Photo of Lord Hannay of Chiswick Lord Hannay of Chiswick Crossbench 4:30, 11 December 2014

My Lords, 2015 is set to be an important year for the UN in what is already proving to be an exceptionally testing period for the organisation. Two major sets of decisions will need to be taken next year: those on the policy framework to succeed the millennium development goals, which we are debating today, and those on climate change. Those two sets of decisions will have crucial implications for all the world’s citizens, whether they live in developed or developing countries. That is what makes today’s debate in the name of the noble Lord, Lord McConnell, so timely, topical and welcome, certainly to me. Inadequate policy prescriptions—or, worse still, failure to agree on anything meaningful at all in either of these negotiations—would have seriously negative consequences for the world’s prosperity and its security for a long period ahead.

When the millennium development goals were set 15 years ago in 2000, many regarded them, with a cynical shrug, as just more warm words from an organisation not short of that commodity. Some still take that view. This morning I read an article in Prospect magazine, which suggested that the setting of these goals was a pretty worthless exercise—an article that completely ignored the distinction between the specificity of the millennium development goals of 2000 and the discredited, very general goals set in previous decades.
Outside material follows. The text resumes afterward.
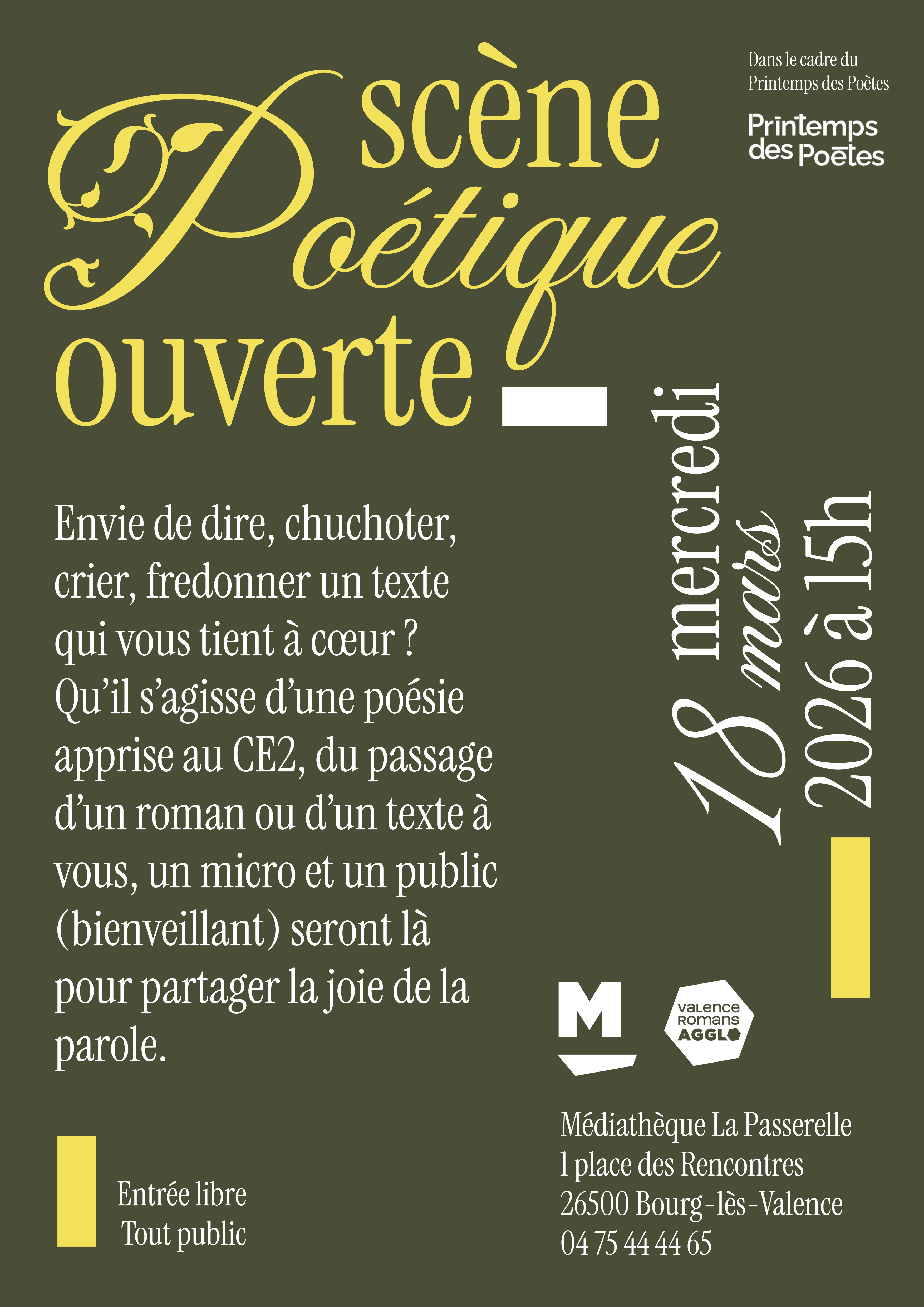 Envie de dire, chuchoter, crier, fredonner un texte qui vous tient à cœur ? Qu’il s’agisse d’une poésie apprise au CE2, du passage d’un roman ou d’un texte à vous, un micro et un public (bienveillant) seront là pour partager la joie de la parole. (Dans le cadre du printemps des poètes)

In any case, I think the millennium development goals have turned out to be a lot more significant than that prognosis. They set a course that has seen many millions of people lifted out of poverty in some of the world’s poorest countries, which have also seen remarkable improvements in education and health. However, those benefits have been too narrowly spread, too heavily concentrated in the rising economies of Asia, leaving what has been called the “bottom billion” of the world’s population—most of them in Africa—largely unaffected. Daily we are reminded by events—by the Ebola epidemic in west Africa and by the chaos and threats of genocide or violence in the Middle East and in parts of Africa—of how far the world still has to go and how fragile any progress made on development issues can prove to be if basic security cannot be addressed. I join those who have underlined that point in numerous contributions.

The case for setting out recalibrated goals for the period ahead seems, to me, unanswerable. For example, the Ebola outbreak has highlighted how important it is not only to conduct high-profile campaigns such as those against malaria, AIDS and tuberculosis, as the previous debate underlined, but to give far more emphasis to general provision of public health facilities.

In other areas that so far have been either neglected or inadequately treated—for example, removing discrimination against the disabled, on which I support every word that my noble friend Lord Low said, and discrimination against women and girls—clear objectives need to be set out. In some cases, which have emerged in prominence only since 2000—for instance, bringing the benefits of the digital economy and the revolutions in communications technology to a wider range of countries and a wider range of social groups within them—the challenge is to define sensible and sustainable goals. Those are the challenges that I see in 2015 and I hope that whichever Government emerge from next May’s general election will measure up to them.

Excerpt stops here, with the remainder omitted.